Repeat each line of the material below exactly as it appears, minus any pictures.

---- Given material

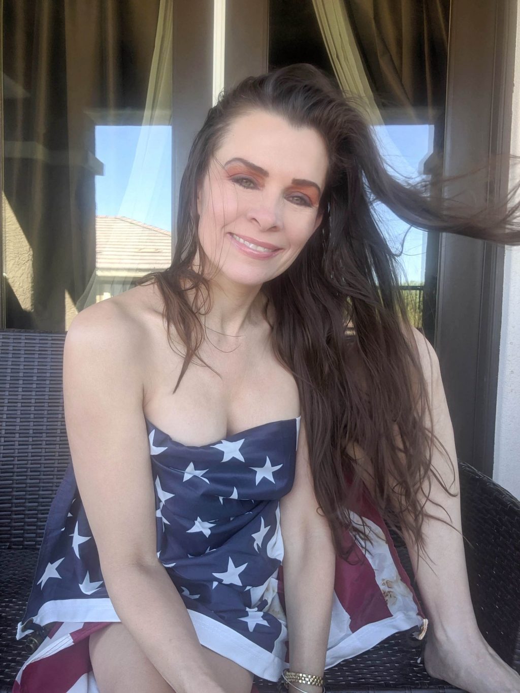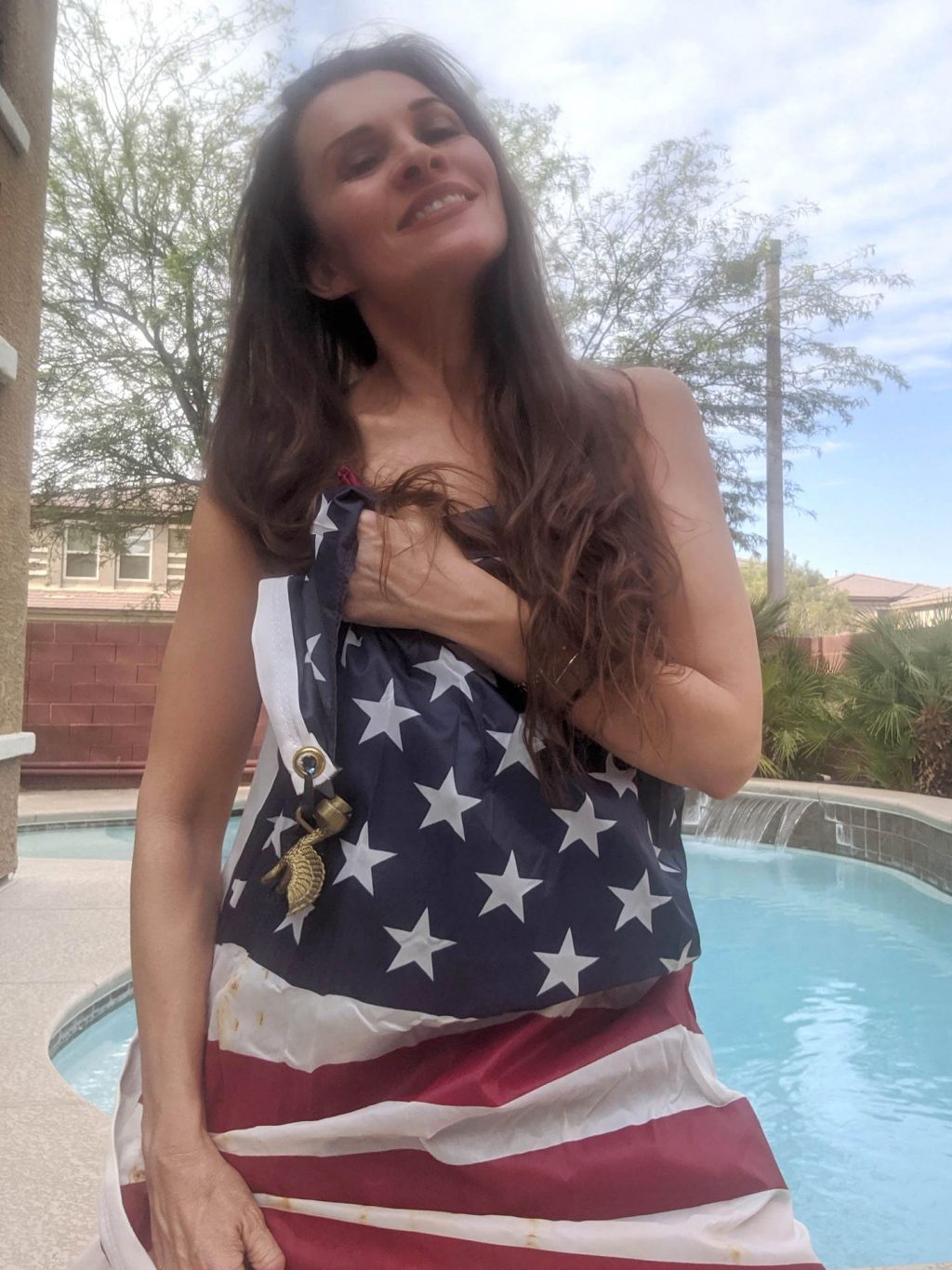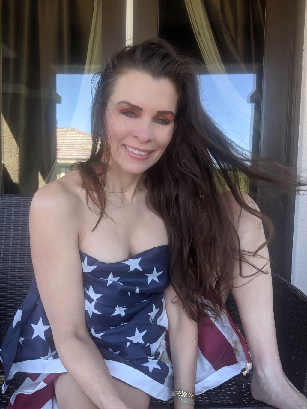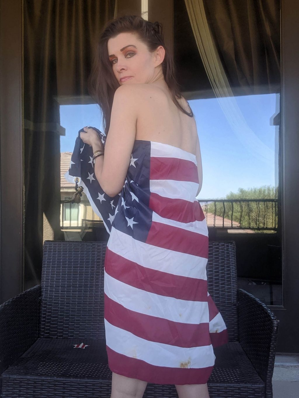 “La actriz de “Baywatch” Alicia Arden pasa un patriótico y casi desnudo fin de semana del 4 de julio en cuarentena, ahora que Los Ángeles ha reinstaurado las órdenes de confinamiento más estrictas por Covid (2020).
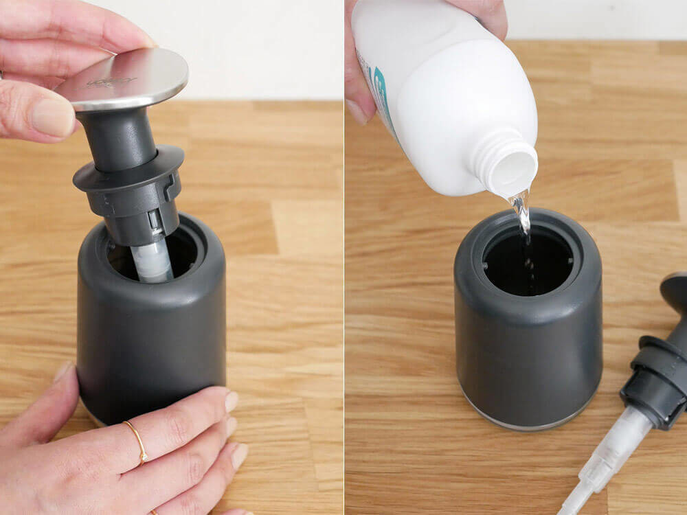 液体ソープ(最大容量250ml)を詰め替えの際は、上部のポンプ部分の凹凸のロックを少しだけ回して外します。 注ぎ口が広いので簡単に詰め替え作業ができるのは嬉しいですよね。
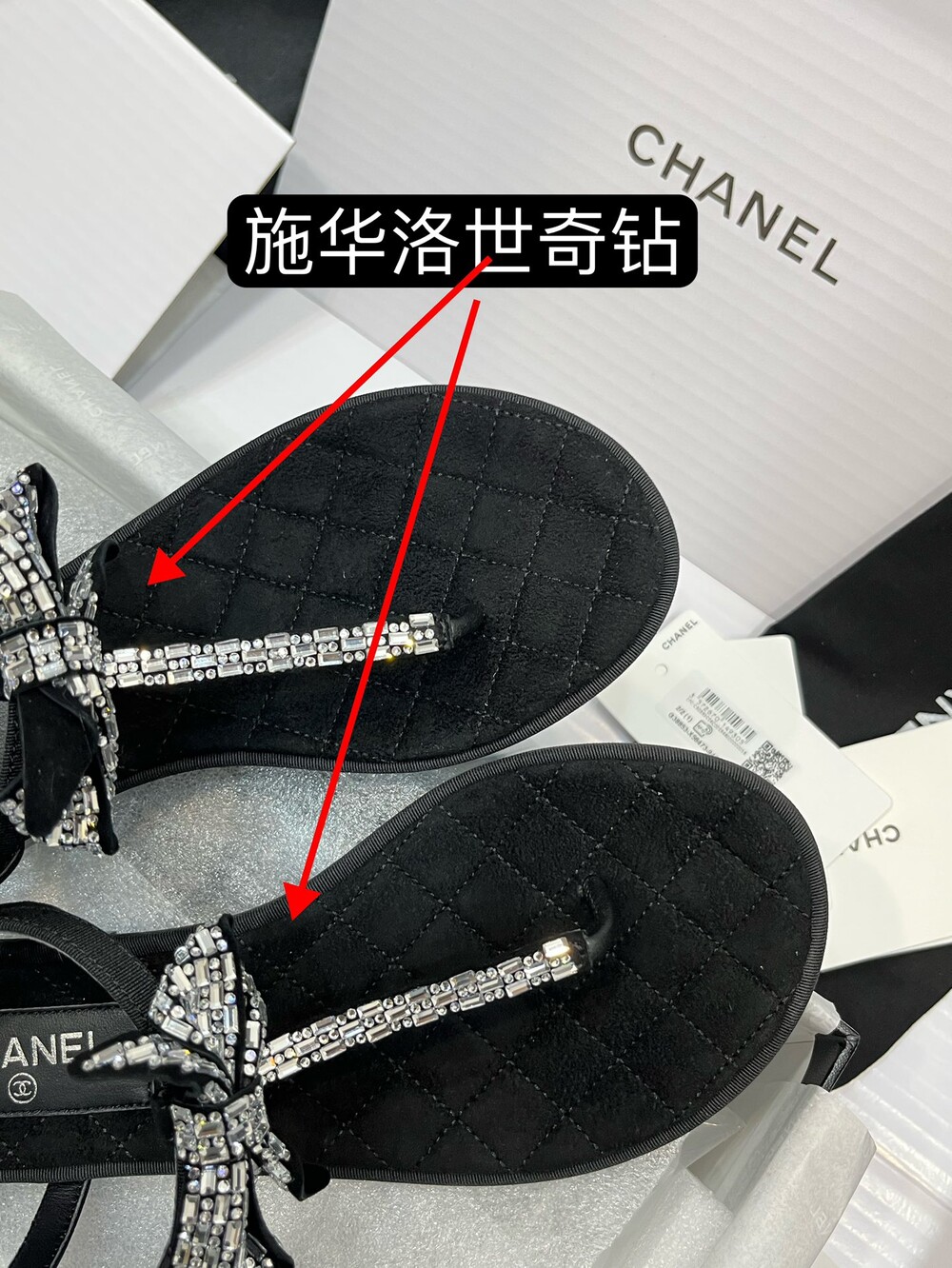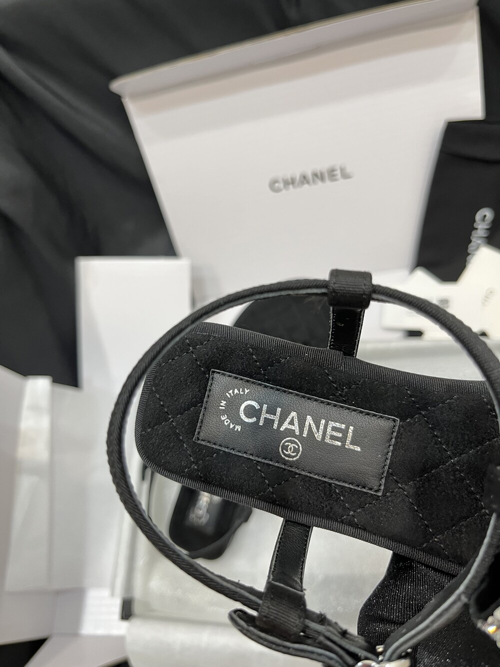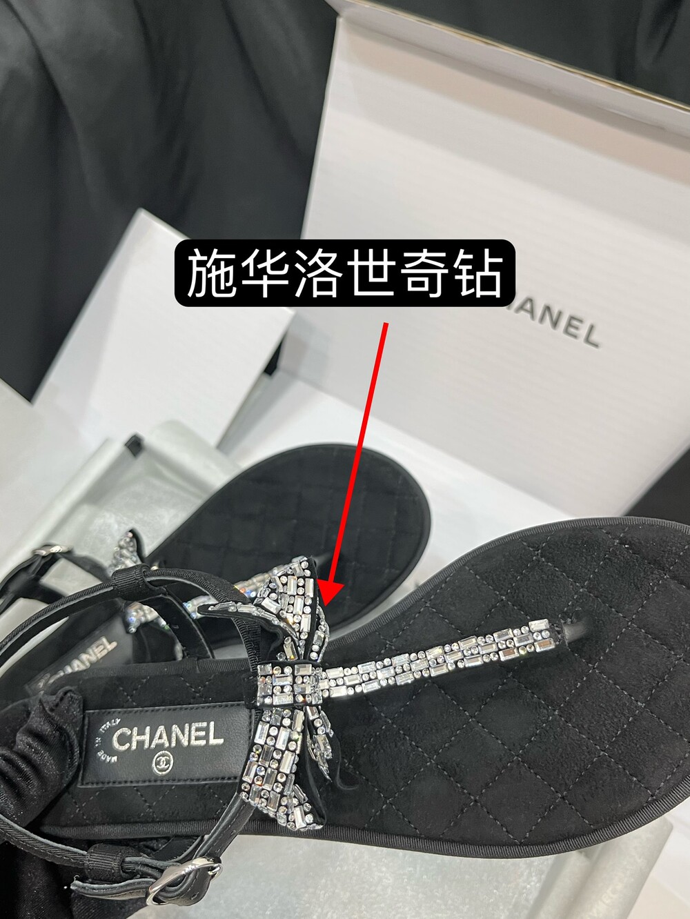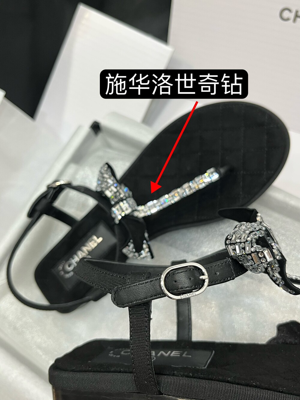 𝐂.𝐡𝐚𝐧𝐞𝐥 보우 크리스탈 버클 끈 샌들,
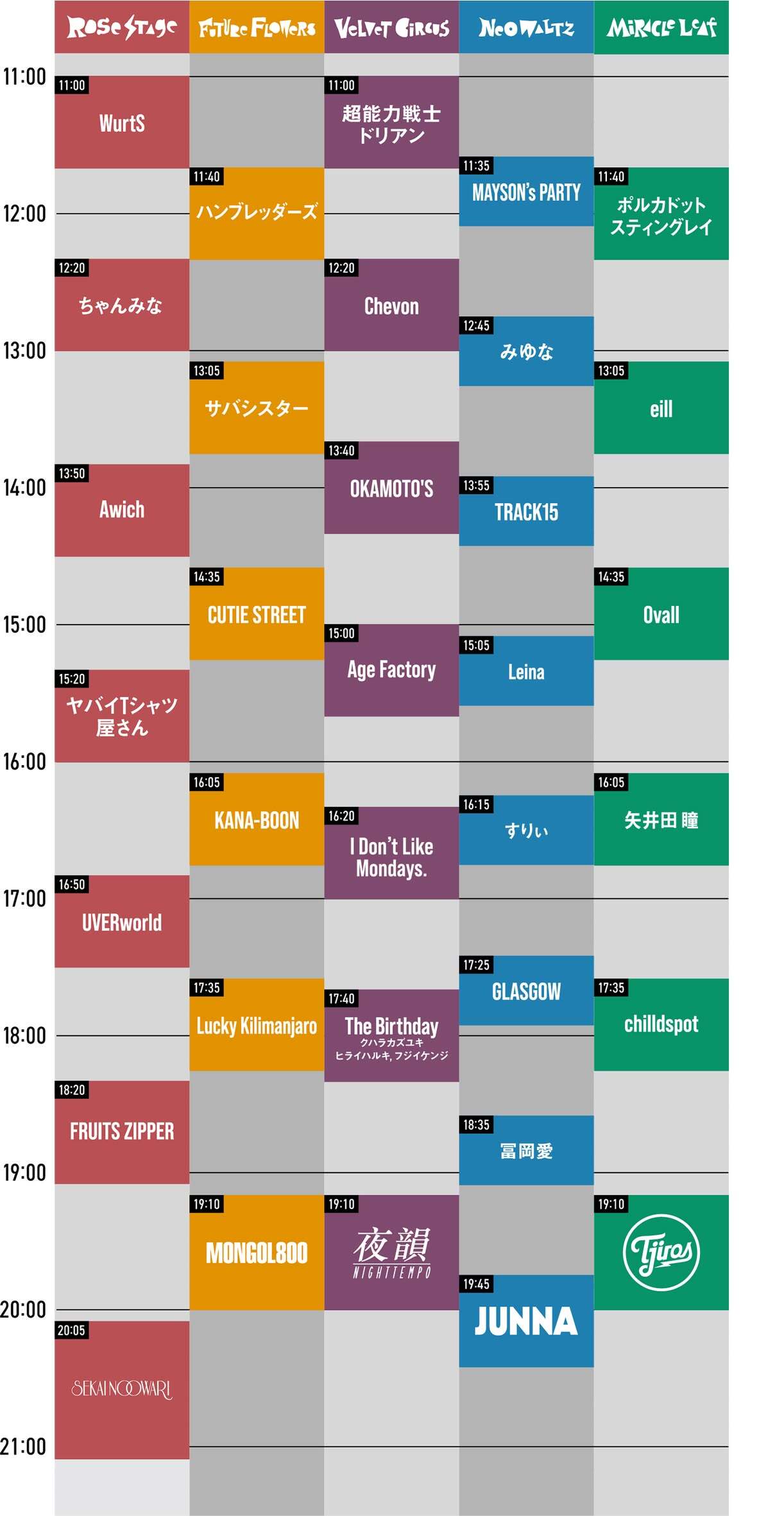 I Don't Like Mondays. / UVERworld / Age Factory / eill / Awich / Ovall / OKAMOTO'S / KANA-BOON / CUTIE STREET / GLASGOW / サバシスター / Chevon / JUNNA / すりぃ / SEKAI NO OWARI / ちゃんみな / 超能力戦士ドリアン / chilldspot / T字路s / 冨岡愛 / TRACK15 / Night Tempo / The Birthday(クハラカズユキ, ヒライハルキ, フジイケンジ) / ハンブレッダーズ / FRUITS ZIPPER / ポルカドットスティングレイ / みゆな / MAYSON's PARTY / MONGOL800 / 矢井田 瞳 / ヤバイTシャツ屋さん / Lucky Kilimanjaro / Leina / WurtS

--------

*Solution for this task*
 “La actriz de “Baywatch” Alicia Arden pasa un patriótico y casi desnudo fin de semana del 4 de julio en cuarentena, ahora que Los Ángeles ha reinstaurado las órdenes de confinamiento más estrictas por Covid (2020).
 液体ソープ(最大容量250ml)を詰め替えの際は、上部のポンプ部分の凹凸のロックを少しだけ回して外します。 注ぎ口が広いので簡単に詰め替え作業ができるのは嬉しいですよね。
 𝐂.𝐡𝐚𝐧𝐞𝐥 보우 크리스탈 버클 끈 샌들,
 I Don't Like Mondays. / UVERworld / Age Factory / eill / Awich / Ovall / OKAMOTO'S / KANA-BOON / CUTIE STREET / GLASGOW / サバシスター / Chevon / JUNNA / すりぃ / SEKAI NO OWARI / ちゃんみな / 超能力戦士ドリアン / chilldspot / T字路s / 冨岡愛 / TRACK15 / Night Tempo / The Birthday(クハラカズユキ, ヒライハルキ, フジイケンジ) / ハンブレッダーズ / FRUITS ZIPPER / ポルカドットスティングレイ / みゆな / MAYSON's PARTY / MONGOL800 / 矢井田 瞳 / ヤバイTシャツ屋さん / Lucky Kilimanjaro / Leina / WurtS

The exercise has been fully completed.